══ Excerpted data

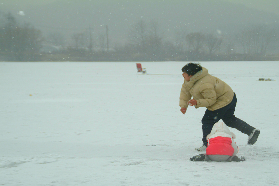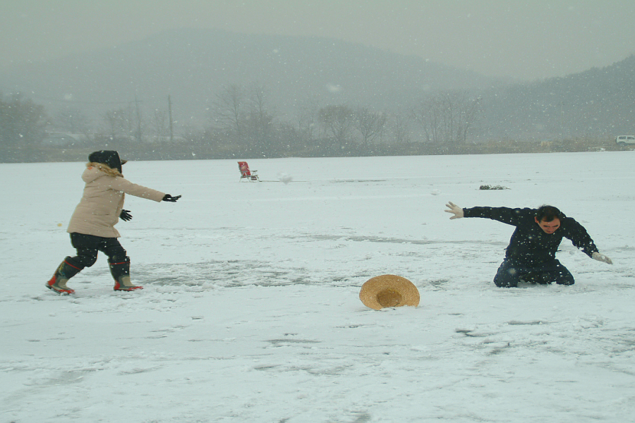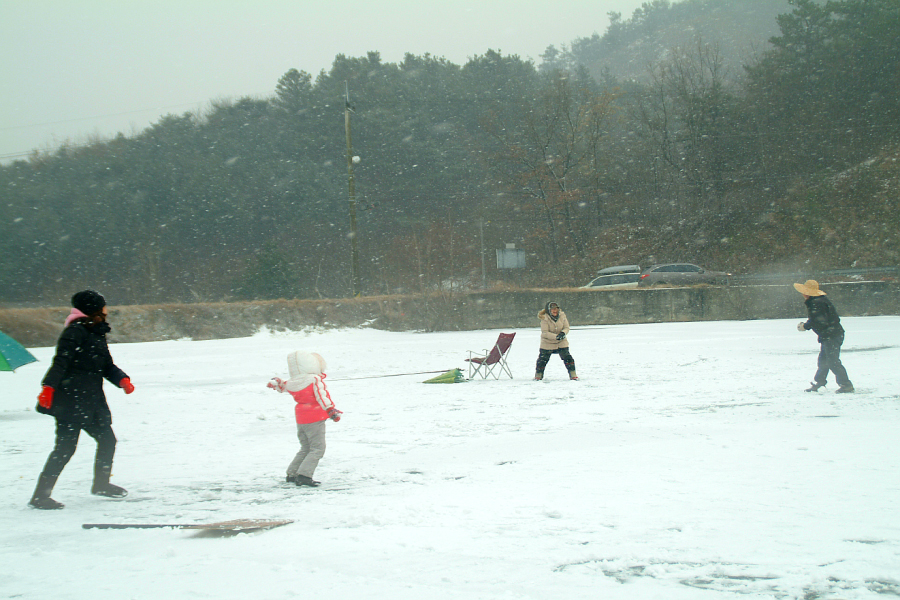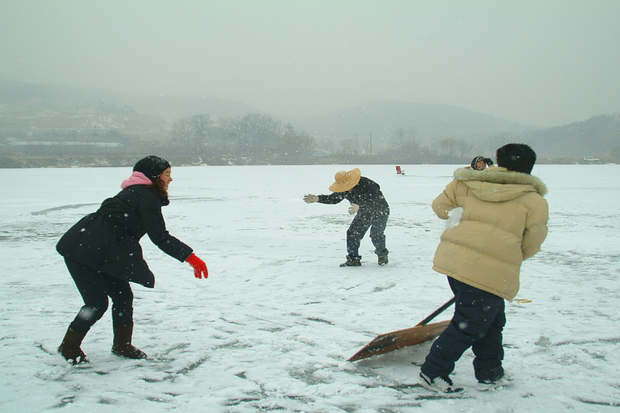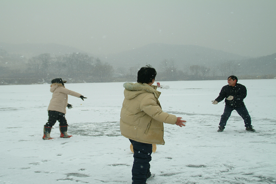 아들과 민서, 민서엄마까지 합세해서 신나는 얼음판 위에서 눈싸움이 시작되었습니다.
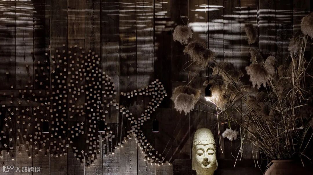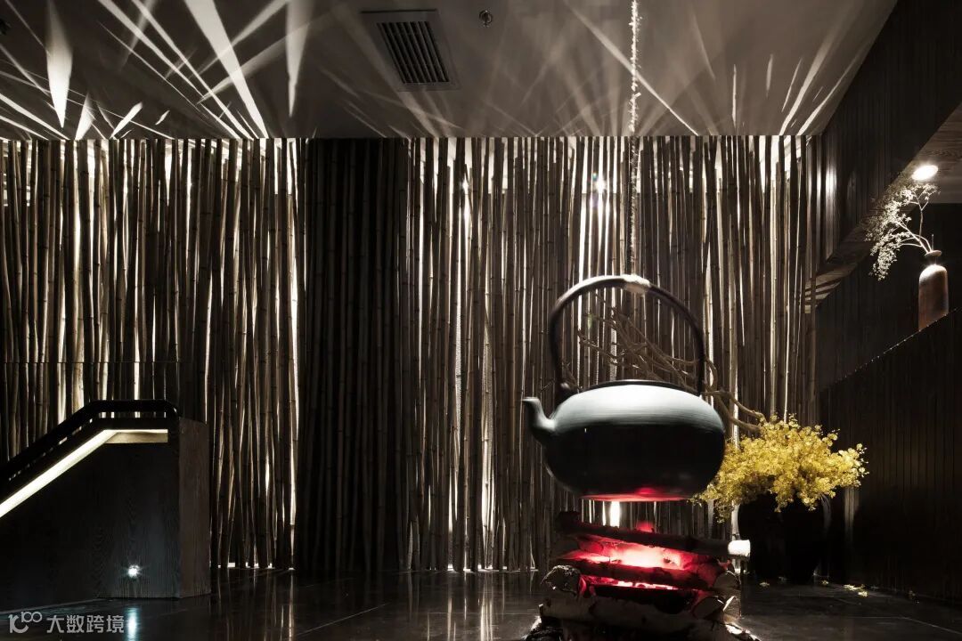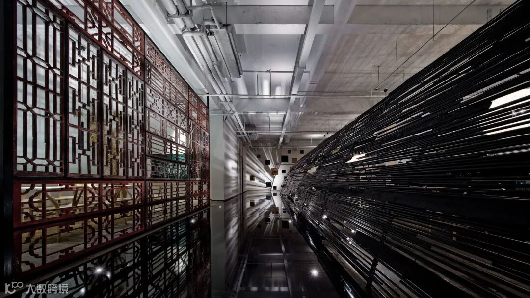 黑色的地砖宛若水面一般,灯光挤过天花竹竿的缝隙,悠然的洒在“湖面”上波光粼粼,更让人有置身水面的错觉。前台背景墙上“叙”字清晰可辨,而“品”则飘散在光影中。看似简单的两个字,将中华民族的禅意文化和汉字灵魂相融合,未来将有更多的“叙”品之作从这里诞生。本案主题除原生态禅意外,另一重点就是环保:所有墙面没有过多的粉刷修饰,采用经过特殊处理的旧木板,而会议室的隔断采用的是环保二手镂空木质隔窗。
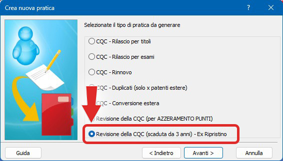 • Pratiche di Revisione CQC: è stata aggiunta la possibilità di inserire una pratica di revisione CQC a seguito di patente scaduta da più di 3 anni (ex ripristino). La pratica esistente di Revisione CQC è stata rinominata in "Revisione della CQC (per azzeramento punti)". In questo modo vengono distinte le due pratiche di revisione differenti.
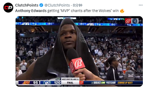 178直播讯 北京时间4月21日,NBA季后赛森林狼120-95大胜太阳25分,系列赛总分1-0开门红;爱德华兹打出疯狂一战,全场24投14中拿到33分9篮板6助攻,第三节11中8爆砍18分,多次单挑杜兰特以及狂喷死神,末节抢断反击暴扣杀死比赛,赛后球迷为华子高呼MVP。
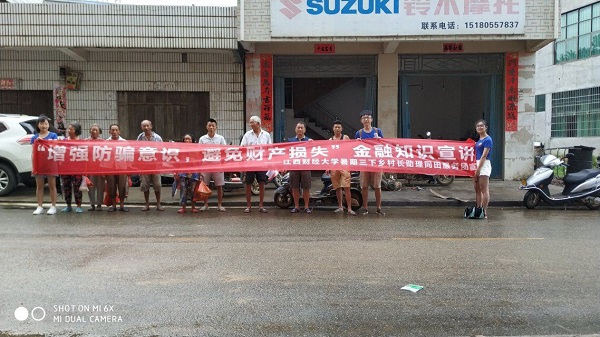 为提高村民金融安全基础知识、增强防骗意识,7月12日上午,我校暑期三下乡丰城同田团开展“增强防骗意识,避免财产损失”的金融知识宣讲实践活动。此次活动为4至5人为一小组,向村民普及金融知识。
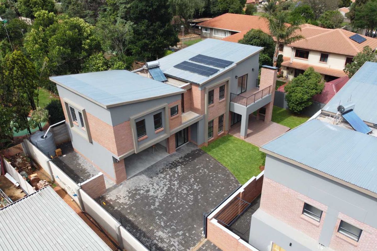 Live in light-filled contemporary family comfort in a peaceful neighbourhood, with open-plan kitchen and patio braai, three en-suite bedrooms, double garage and solar rainwater harvesting.

════

Leaving the pictures out, give again word for word each line from the one holding "黑色的地砖宛若水面一般,灯光" through the end of the records.

__Solution for this exercise__
 黑色的地砖宛若水面一般,灯光挤过天花竹竿的缝隙,悠然的洒在“湖面”上波光粼粼,更让人有置身水面的错觉。前台背景墙上“叙”字清晰可辨,而“品”则飘散在光影中。看似简单的两个字,将中华民族的禅意文化和汉字灵魂相融合,未来将有更多的“叙”品之作从这里诞生。本案主题除原生态禅意外,另一重点就是环保:所有墙面没有过多的粉刷修饰,采用经过特殊处理的旧木板,而会议室的隔断采用的是环保二手镂空木质隔窗。
 • Pratiche di Revisione CQC: è stata aggiunta la possibilità di inserire una pratica di revisione CQC a seguito di patente scaduta da più di 3 anni (ex ripristino). La pratica esistente di Revisione CQC è stata rinominata in "Revisione della CQC (per azzeramento punti)". In questo modo vengono distinte le due pratiche di revisione differenti.
 178直播讯 北京时间4月21日,NBA季后赛森林狼120-95大胜太阳25分,系列赛总分1-0开门红;爱德华兹打出疯狂一战,全场24投14中拿到33分9篮板6助攻,第三节11中8爆砍18分,多次单挑杜兰特以及狂喷死神,末节抢断反击暴扣杀死比赛,赛后球迷为华子高呼MVP。
 为提高村民金融安全基础知识、增强防骗意识,7月12日上午,我校暑期三下乡丰城同田团开展“增强防骗意识,避免财产损失”的金融知识宣讲实践活动。此次活动为4至5人为一小组,向村民普及金融知识。
 Live in light-filled contemporary family comfort in a peaceful neighbourhood, with open-plan kitchen and patio braai, three en-suite bedrooms, double garage and solar rainwater harvesting.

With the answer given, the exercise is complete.